■ **Records to use**:
━━━

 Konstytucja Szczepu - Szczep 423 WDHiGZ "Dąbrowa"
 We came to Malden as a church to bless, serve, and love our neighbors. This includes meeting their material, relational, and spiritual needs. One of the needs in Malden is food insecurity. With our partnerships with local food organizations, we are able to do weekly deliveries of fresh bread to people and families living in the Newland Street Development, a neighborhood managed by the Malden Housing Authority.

━━━

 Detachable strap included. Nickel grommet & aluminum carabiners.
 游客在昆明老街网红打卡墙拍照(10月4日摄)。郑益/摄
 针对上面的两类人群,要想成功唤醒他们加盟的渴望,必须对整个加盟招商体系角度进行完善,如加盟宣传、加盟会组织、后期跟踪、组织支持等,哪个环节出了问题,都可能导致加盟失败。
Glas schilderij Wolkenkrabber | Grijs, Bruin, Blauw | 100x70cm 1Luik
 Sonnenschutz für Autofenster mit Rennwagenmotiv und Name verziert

━━━

Extract the lines of the preceding material that run from the line with "针对上面的两类人群,要想成功" through the line with "Sonnenschutz für Autofenster", inclusive, reproducing them exactly and adding nothing.

 针对上面的两类人群,要想成功唤醒他们加盟的渴望,必须对整个加盟招商体系角度进行完善,如加盟宣传、加盟会组织、后期跟踪、组织支持等,哪个环节出了问题,都可能导致加盟失败。
Glas schilderij Wolkenkrabber | Grijs, Bruin, Blauw | 100x70cm 1Luik
 Sonnenschutz für Autofenster mit Rennwagenmotiv und Name verziert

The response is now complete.